[messaging] [Fwd: Re: Ronion anonymous routing protocol framework]

Jeff Burdges burdges at gnunet.org
Fri Oct 13 20:55:54 PDT 2017

On Fri, 2017-10-13 at 17:42 +0300, Nazar Mokrynskyi wrote:
> This is why I thought it might be useful to find a common ground one level below Tor and have a few different protocols like Tor on top of it, without re-implementing interfaces/properties that are common for many anonymous networks.

Afaik, there is nothing "useful" to do with protocols that are "like tor
but not tor" because tor appears general enough to do anything you
really want with circuit-based anonymity protocols.  

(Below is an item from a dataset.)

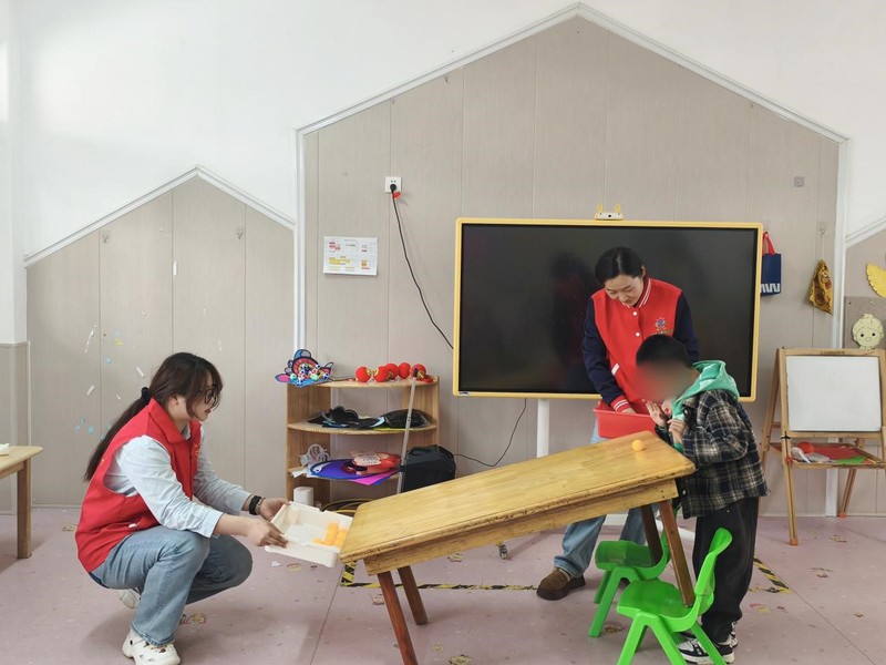在课堂上,志愿者们展现出高度的责任感和教育智慧。在“倾斜接球”训练中,她们设计“太空任务”情景,用“燃料补给”调整姿势,设计“卫星对接”精准接球,将康复训练转化为趣味探险。针对精细动作发展训练,创新采用“三阶赋能”服务模式,基础阶段采用“动作模仿”建立规则意识,提升阶段运用“梯度挑战”激发潜能,巩固阶段通过“正向强化”增强社会属性。如在夹夹子活动里,志愿者细致讲解动作要点,教孩子们正确使用夹子夹取不同物品;跳圈时,拉着孩子的手,带领他们依次跳入圆圈,完成动作练习。然后鼓励孩子们不断尝试与挑战,每当孩子成功接球或跳入指定位置,便及时给予肯定,帮助 “糖宝” 们在项目互动中锻炼手眼协调、认知及社交能力。

Research is an exception of course, but most alternatives like I2P or
HORNET sound like a step backwards.

> > Tor recently redesigned their rendezvous protocol for hidden services.
> I my context it would be entirely P2P without directory authorities,

Right now, there is no known way to do this safely.  I2P does it, but
afaik not safely.  I donno if it's worse than using circuits in the
first place though. 

GNUNet's RPS system is an improvement on some good ideas from the P2P
literature, but it's only a start, not designed for anonymity systems,
and any real solution requires much more work before it might
become suitable. 

>  so there is a need for a different way of choosing introduction points. But this is above Ronion's responsibilities, so a bit out of scope of this thread.

Initiating a connection is usually considered to be part of the basic
protocol, otherwise you cannot really do anything. 

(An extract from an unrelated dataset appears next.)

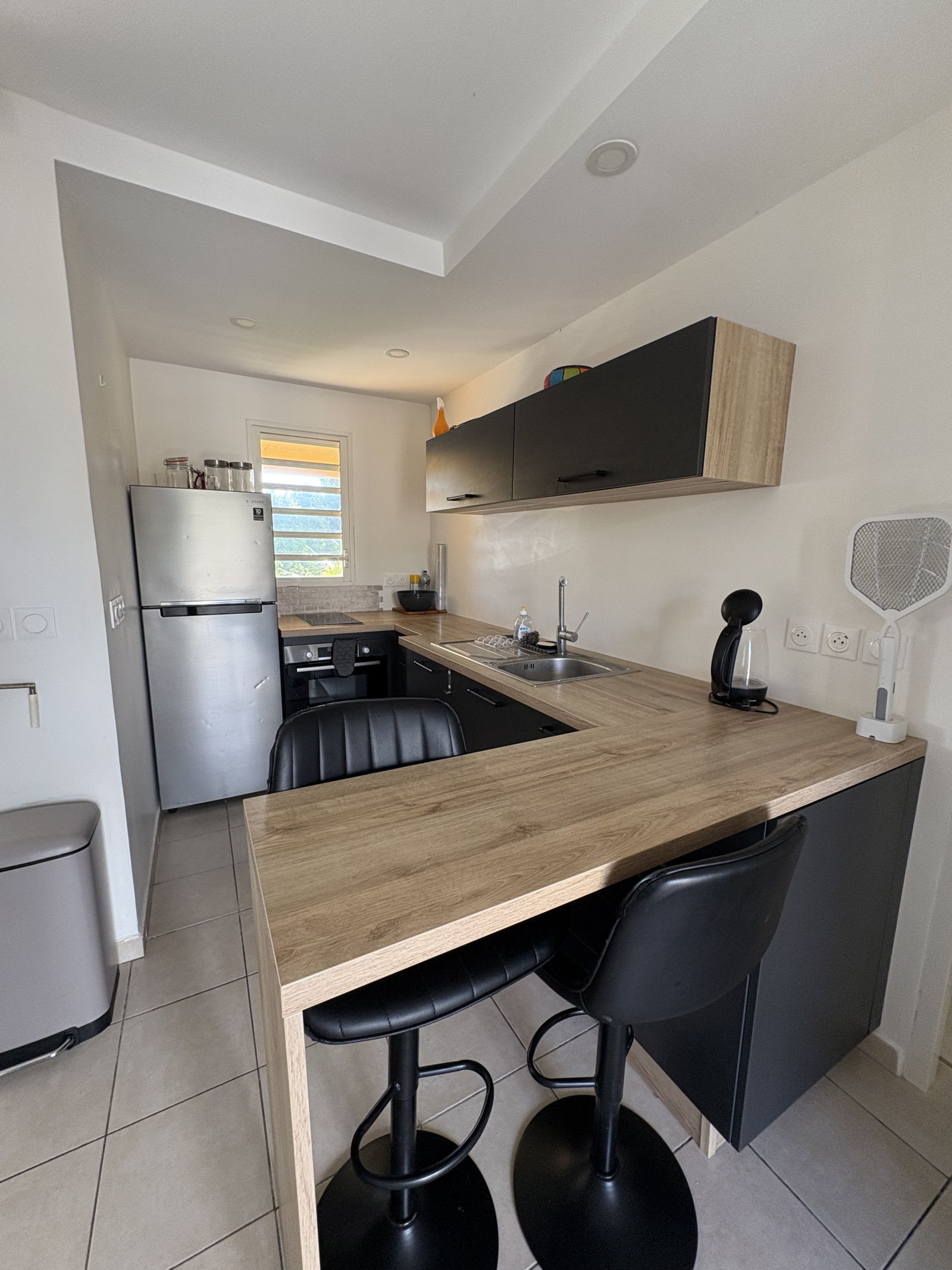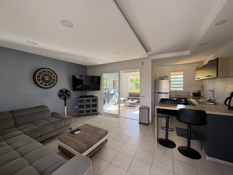 Venez découvrir cet appartement T2 moderne de 52,48m2 vendu meublé situé au 1er et dernier étage dans une résidence sécurisée avec piscine à Plaisance sur le secteur de Baie-Mahault. Environnement calme, à seulement quelques minutes de Jarry, commerces, école et professionnels de santé. Il se compose d'une entrée avec rangement, un séjour, une cuisine équipée (lave vaisselle, four, mirco-ondes, réfrégirateur...), une chambre climatisée avec placard et une salle d'eau avec WC. Une terrrase joliement décorée est également à votre disposition. Une place de parking privative.

> and on top of that multi-layer non-authenticated encryption between hops.

It needs to be a AEZ or another wide block cipher.

> So in current design if you corrupt a couple of bytes somewhere in the middle of the process, nodes in routing path (think circuit) will just forward corrupted packet until it reaches responder (last node in routing path, not necessary receiver) and will be discarded.
> This will corrupt the state of the routing path after recipient if recipient is not responder node, but assuming that most if not all of the traffic is targeted at responder, state will remain consistent and I'm not really sure what is so catastrophic here.

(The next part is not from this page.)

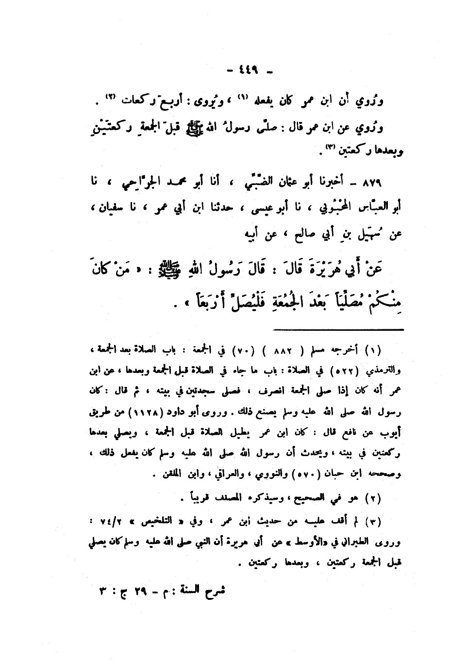 879 - أَخْبَرَنَا أَبُو عُثْمَانَ الضَّبِّيُّ، أَنَا أَبُو مُحَمَّدٍ الْجَرَّاحِيُّ، نَا أَبُو الْعَبَّاسِ الْمَحْبُوبِيُّ، نَا أَبُو عِيسَى، حَدَّثَنَا ابْنُ أَبِي عُمَرَ، نَا سُفْيَانُ، عَنْ سُهَيْلِ بْنِ أَبِي صَالِحٍ، عَنْ أَبِيهِ، عَنْ أَبِي هُرَيْرَةَ، قَالَ: قَالَ رَسُولُ اللَّهِ صَلَّى اللهُ عَلَيْهِ وَسَلَّمَ: «مَنْ كَانَ مِنْكُمْ مُصَلِّيًا بَعْدَ الْجُمُعَةِ فَلْيُصَلِّ أَرْبَعًا».

If you do not use AEZ, then one can produce cryptographic proof of a
hidden service's identity:  Just Run a hidden service guard that xors a
pattern into the data.  And run a receiver that recognizes that

Tor might exhibit this problem too, not sure about their malleability.
I do know Tor wants to migrate to a wide-block cipher, but they might be
waiting on DJB, et al. to release HHFHFH instead of using AEZ.

> Also you can send garbage most of the time on the higher level,

This might be useless if you are using circuits.